Полицейский комиссар изменился в лице, и, не отводя глаз, смущенно
смотрит на жемчужину на манишке аристократа.
Он не может вынести хладнокровного тусклого взгляда этого бритого
неподвижного лица с крючковатым носом.
Оно выводит его из себя, подавляет его.
Мертвая тишина в зале становится все мучительнее.

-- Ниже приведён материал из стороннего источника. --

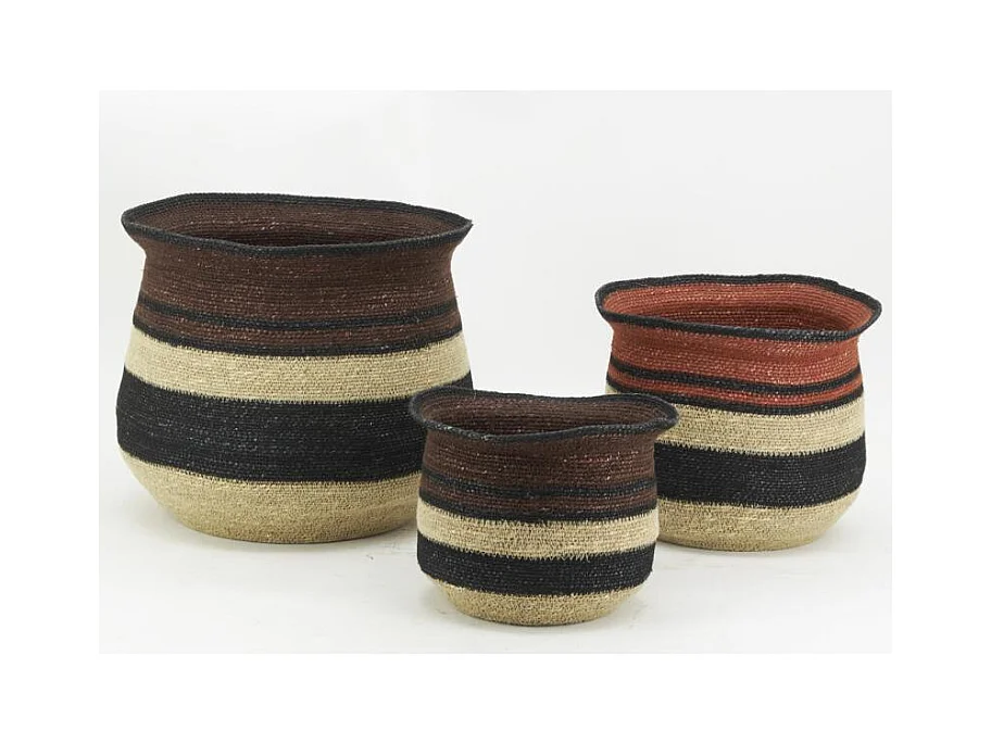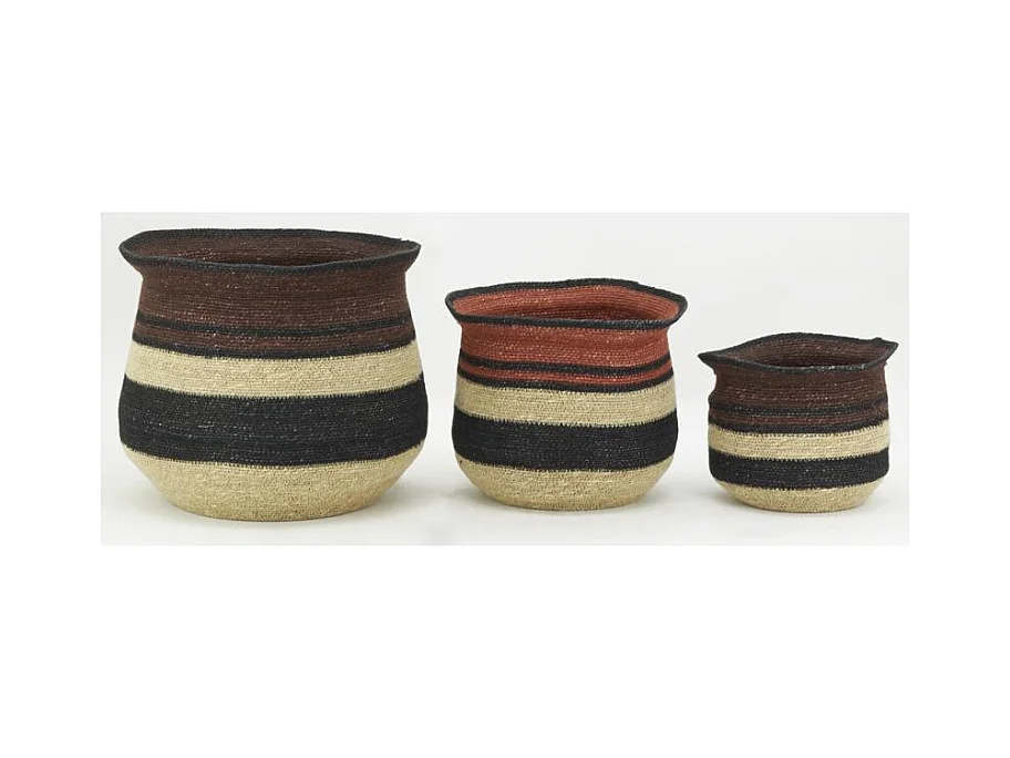 Cache-pot en fibre naturelle et coton noir d23x19,5/42h

-- Так смотрят статуи рыцарей, что лежат со сложенными руками на
каменных гробах в готических церквах,-- шепчет художник Фрисландер, кивая в
сторону кавалера.
Наконец, аристократ нарушает молчание: -- Э... Гм...-- Он подделывается
под голос хозяина: -- Да, да, вот это гости, это видно.-- По залу проносится
оглушительный взрыв хохота, стаканы дребезжат, босяки хватаются за живот от
смеха. Бутылка летит в стену и разбивается вдребезги. Толстый хозяин
почтительно шепчет нам, поясняя: "его светлость, князь Ферри Атенштедт".
Князь подал полицейскому визитную карточку. Несчастный берет ее, отдает
честь и щелкает каблуками.
Снова становится тихо. Толпа ждет, затаив дыхание, что будет дальше.
Князь опять говорит:
-- Дамы и господа, которых вы здесь видите... эээ... это мои милые
гости.-- Его светлость небрежным жестом указывает на весь сброд.-- Не
разрешите ли, господин комиссар... эээ... представить вас.
С вынужденной улыбкой комиссар отказывается, что-то бормочет... что, "к
сожалению, обязанность службы", и наконец, оправившись, добавляет: -- Я
вижу, здесь все в порядке.
Это вызывает к жизни драгунского ротмистра. Он бросается к дамской
шляпе со страусовым пером и в ближайшее мгновение, при торжественном
одобрении аристократической молодежи, выводит... Розину в зал.
Она так пьяна, что едва стоит на ногах, глаза ее закрыты. Большая
дорогая шляпа сидит криво. На ней нет ничего, кроме розовых чулок и мужского
фрака, надетого на голое тело.
Сигнал: музыка, обезумев, начинает...
...Ри-ти-тит, Ри-ти-тит...
и смывает гортанный крик, вырвавшийся у глухонемого Яромира, когда он увидел
Розину.
Мы собираемся уходить.
Цвак зовет кельнершу.
Общий шум заглушает его слова.
Картины, мелькающие передо мной, становятся фантастическими: как в чаду
опиума.
Ротмистр обнял полуголую Розину и медленно в такт кружится с ней.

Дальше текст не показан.